January has never been my favourite month. The post-Christmas depression, the gloomy days and the pressure to give up the unhealthy lifestyle all make for a depressing time. However, since starting HRC Law, January has become even more hated due to the rate at which our hard-earned capital falls victim to the business cash flow problems many others also face.
Like most businesses, January is an expensive month with tax, VAT and rent payments all due in quick succession. This isn’t helped by the fact that it comes hot on the heels of a slow month in December, when everyone’s productivity is understandably lower than usual and there’s the Christmas shutdown when very little happens. All this means is that in addition to the rapidly disappearing reserve of cash darkening my mood, I also have no choice but to concentrate more than ever on the part of the business I like the least– business cash flow and accounts generally.
I completely understand the necessity of a good grip on business cash flow figures, it’s just that I can think of nothing worse. I always say to clients, as I get my calculator out in meetings, that my talent lies with words not numbers – but unfortunately when you’re trying to grow a small business successfully you have no choice but to embrace the numbers. If you don’t, then you are going to fail.
The obvious reality is that you need to deal with the numbers constantly throughout the year. You can’t just leave it to the month when you have a spike in your expenses to embrace the numbers. When you have more cash going out than coming into your bank account, that is when I tend to become fixated on business cash flow – so that I have the reassurance I need that everything will be ok.
It’s also the time of year when you discover how good your business cash flow modelling has been throughout the year, and how robust your predictions have been on the working capital front. It’s no wonder that poor strategic planning and financial management, as well as lack of financial resources, are often cited in the top reasons why SME businesses fail.
Like many SMEs, we are not big enough to justify a senior in-house finance role. That means that again, like most SME businesses, the day-to-day financial management of the business falls to me as owner and managing partner/director. Even with a great accountant working with you, I’ve found that I need to have the tools and discipline to do something I dislike on a regular basis.
We have great accountants that helped me to understand and adapt the various management reports that our accounts software throws out each month. In addition, they gave me a simple business cash flow spreadsheet which allows me to run the figures and every permutation of the figures on a weekly, if not daily basis.

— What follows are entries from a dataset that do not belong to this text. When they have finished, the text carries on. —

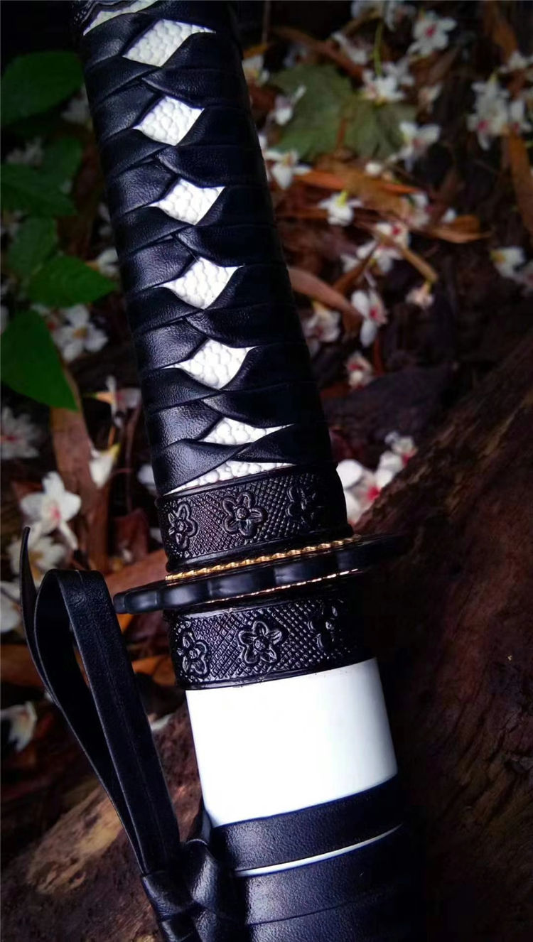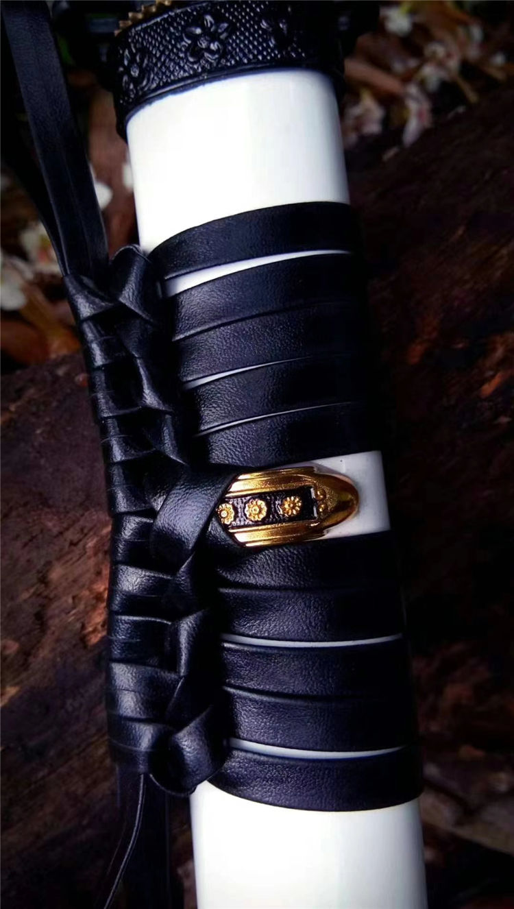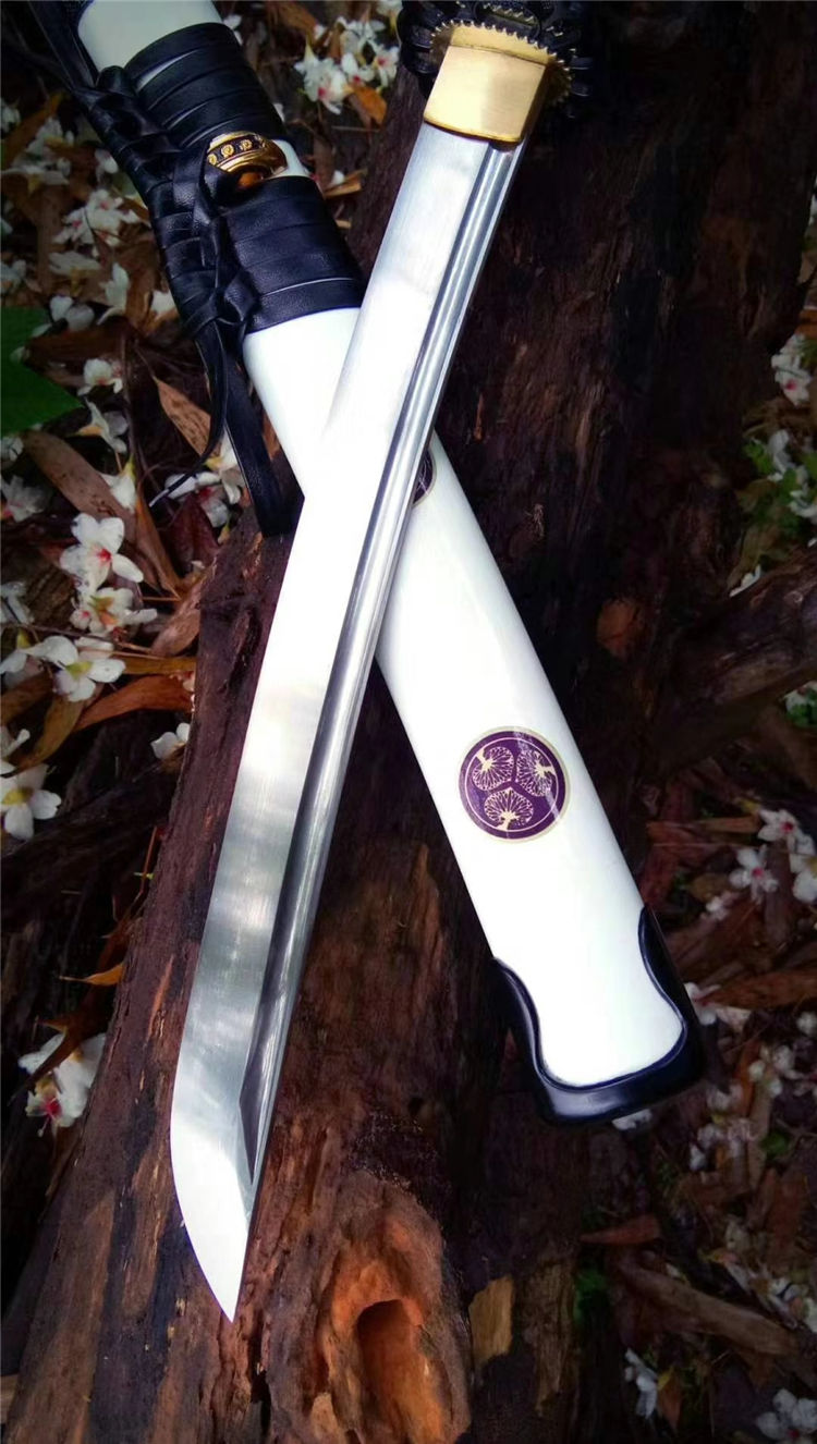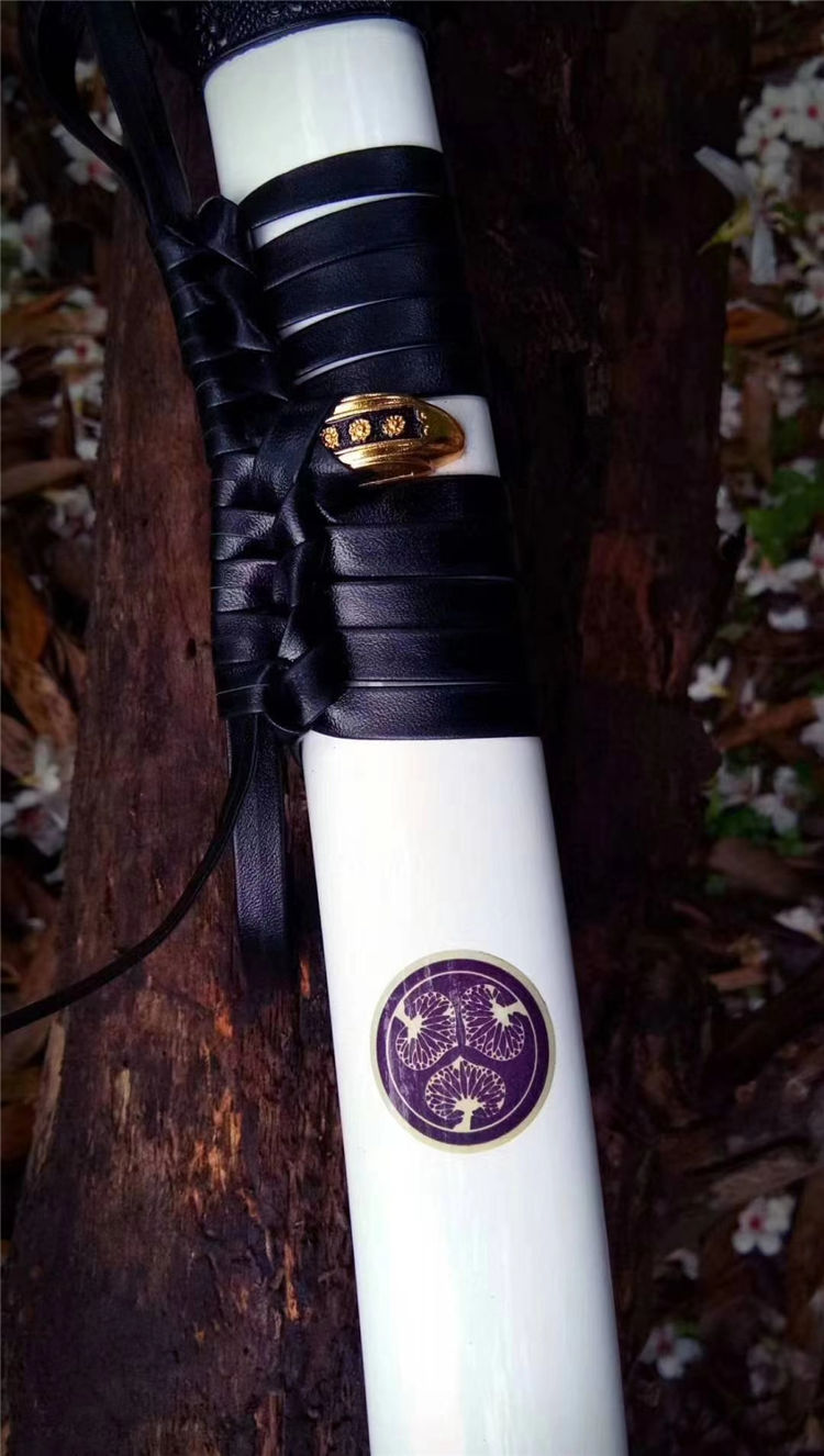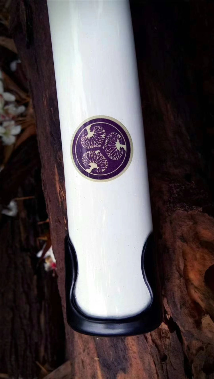 手工开槽,研磨,配纯铜刀镞,刀鞘铝制贴花烤漆内胆为高强度聚合ABS,手工缠绳,配饰为手工雕刻日式传统家徽纹饰装具
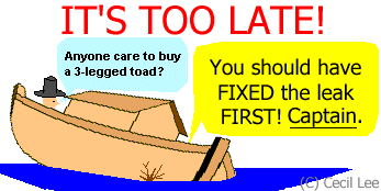 As the picture below shows, if we continue to look for our wealth sector and forsake the leak; the boat will eventually flood and sink! And all will be totally lost!
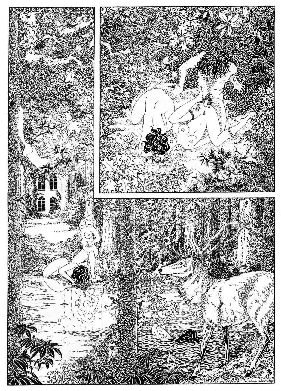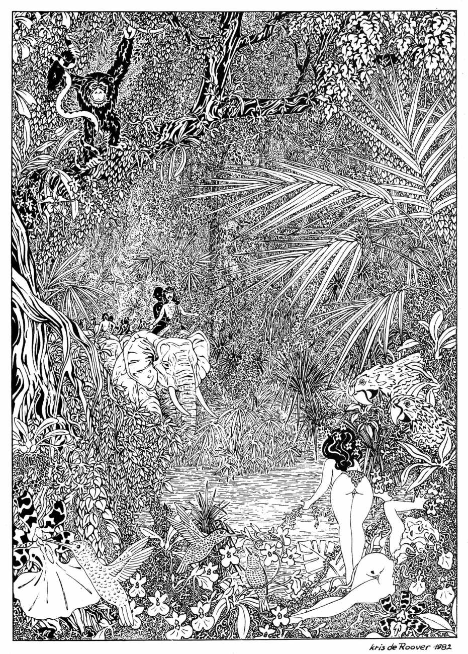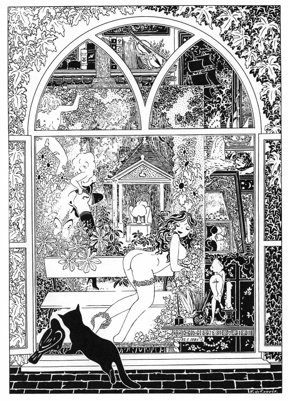 Kris de Roover, who lives and works in Zeeland, the westernmost and least populous province of the Netherlands, is one of those illustrators who have produced very little work, but all of it imaginative and of a high quality. He studied art and architecture in Antwerp, spent some time as a goat farmer, then settled down as an architect with a sideline in illustration, with a preference for nature and erotica (and ideally a combination of the two).
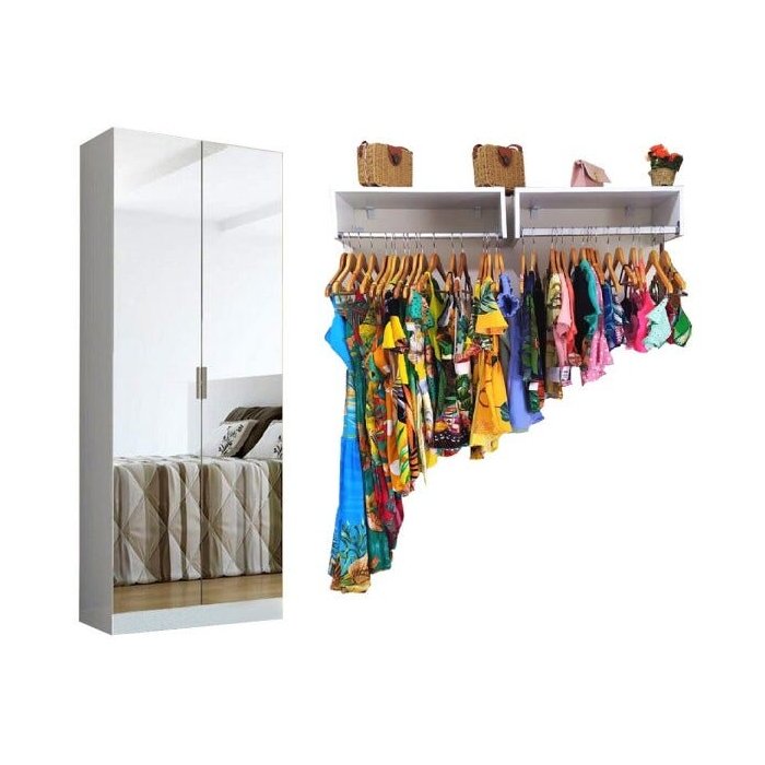 Sapateira com Espelho Linda + 2 Araras de 60cm BRANCA
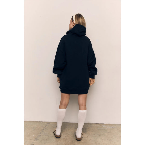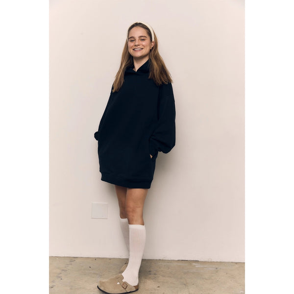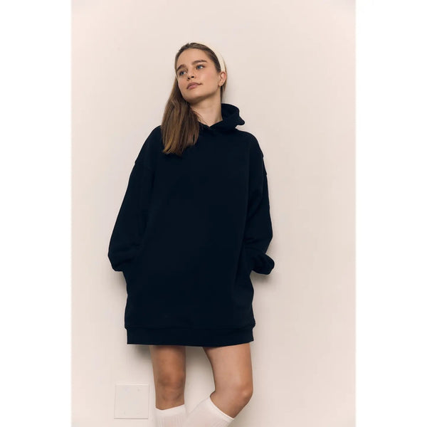 Elevate your brand's presence with this premium organic cotton hoodie dress, designed for boutiques that prioritize sustainable, high-quality loungewear. Crafted from a heavyweight 435 GSM 100% organic cotton terry, this dress offers a substantial and durable feel while remaining breathable and soft. The long, clean silhouette features a loose, relaxed fit for all-day comfort and effortless styling. This piece is a versatile transitional essential that moves seamlessly between seasons. Functional side pockets add a practical element to the minimalist design.
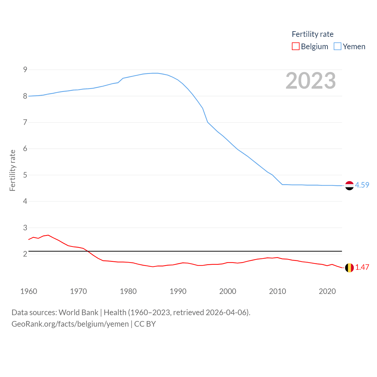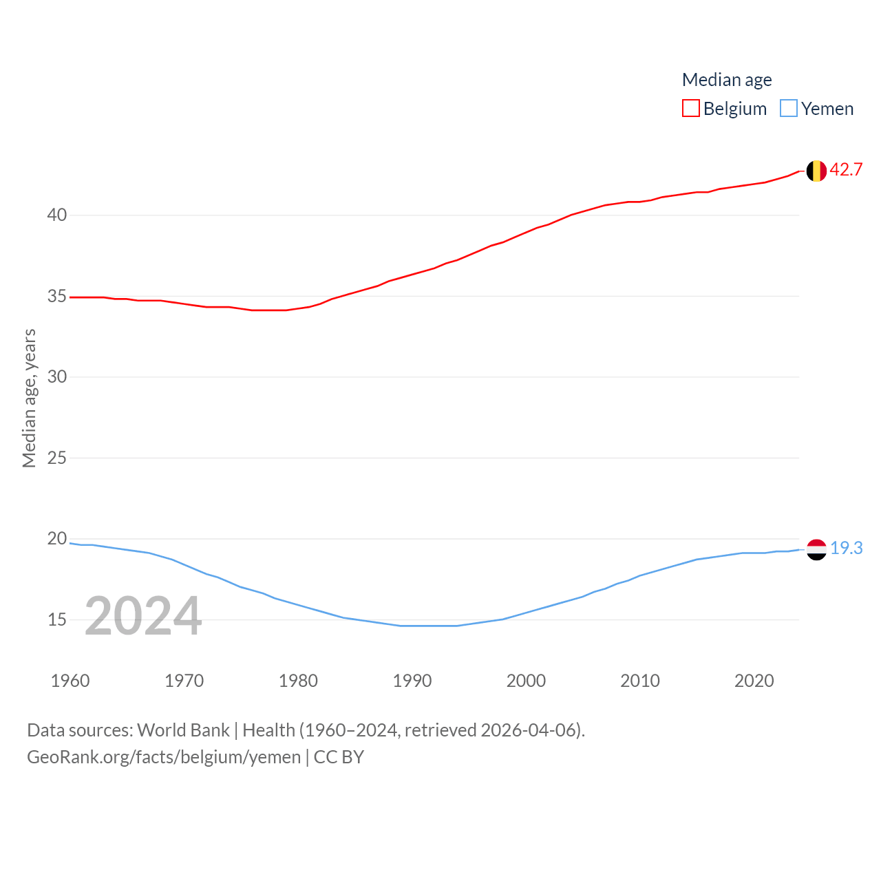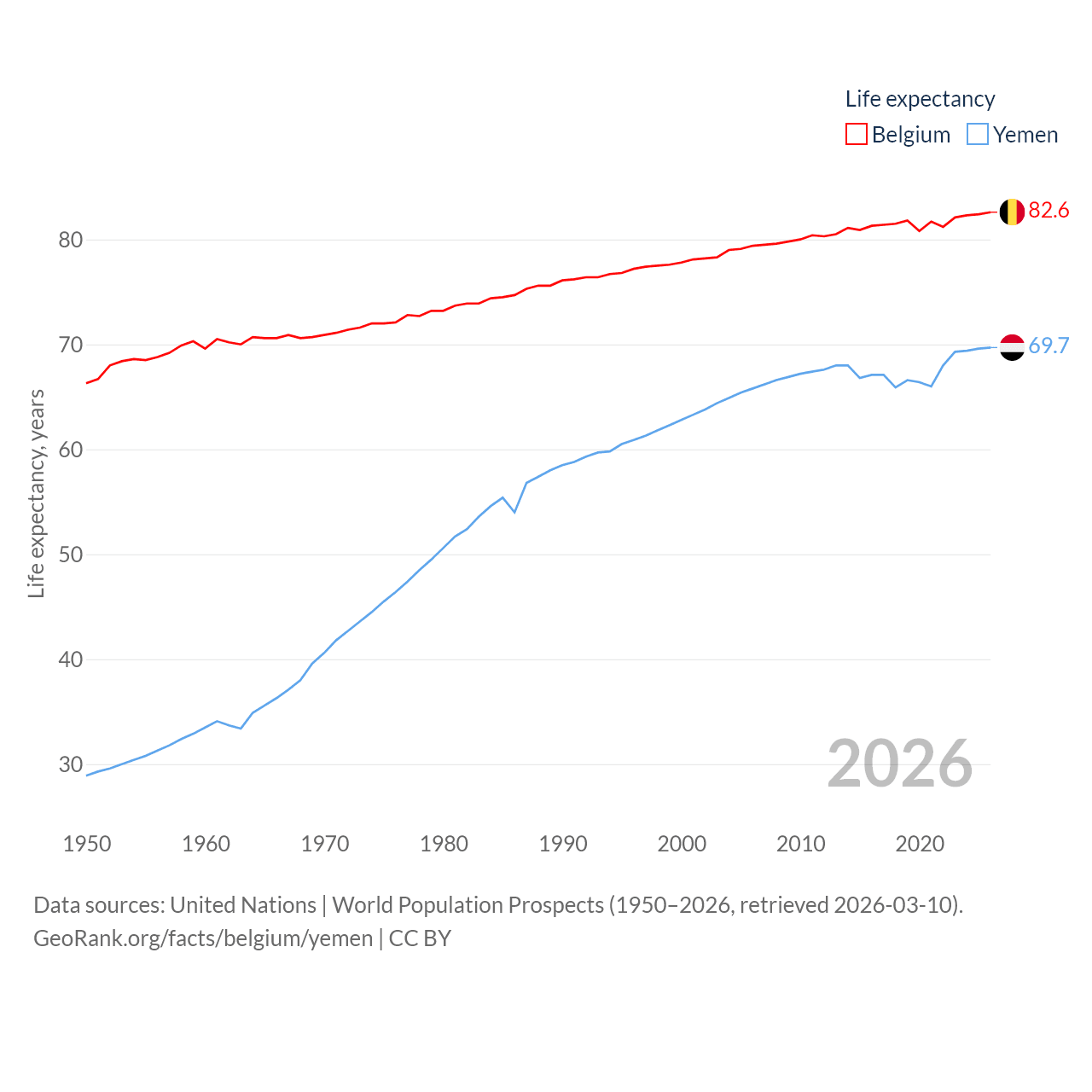 Belgium has a population of 11.9M (ranked 82/197), compared with 40.6M in Yemen (ranked 38/197). Belgium's land area is 11,774 sq mi versus 203,850 sq mi for Yemen (ranked 136th vs. 49th).
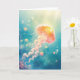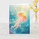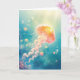 A glowing jellyfish floats gracefully in the vibrant depths of the ocean, its translucent bell illuminated by soft, golden light. Its long, flowing tentacles swirl with a gentle motion, surrounded by colourful, glowing orbs and tiny aquatic creatures. The jellyfish's ethereal beauty is further enhanced by the sparkling bubbles and delicate marine plants that drift peacefully in the serene underwater world, evoking a sense of tranquillity and wonder.

Without a doubt this simple spreadsheet has saved us a fortune in fees, salaries and sleepless nights. In January, my team think I’m obsessed with this simple spreadsheet as it seems to get used on a daily basis to give me the peace of mind I need as I see large chunks of cash leave our bank account.
But throughout the year it’s an invaluable tool to demonstrate to the team the importance of good financial management. For us this means our solicitors are creating bills for the work they have done, sending them out and getting them paid. The use of the spreadsheet can very effectively demonstrate the disastrous consequences that bad financial management will have on our ability to survive and grow – something I’ve found effective in underlining my message in team meetings.
Hopefully we’ll get to a size when we can justify a senior in-house financial role to take responsibility for the day-to-day financial management of the business. Having said that, the reality is that as a business owner I am still going to need to fully understand and constantly deal with the finances of the business. I’m sure it won’t make January’s figures any less depressing, but it should mean I can spend less time working on the business cash flow and do something more exciting instead.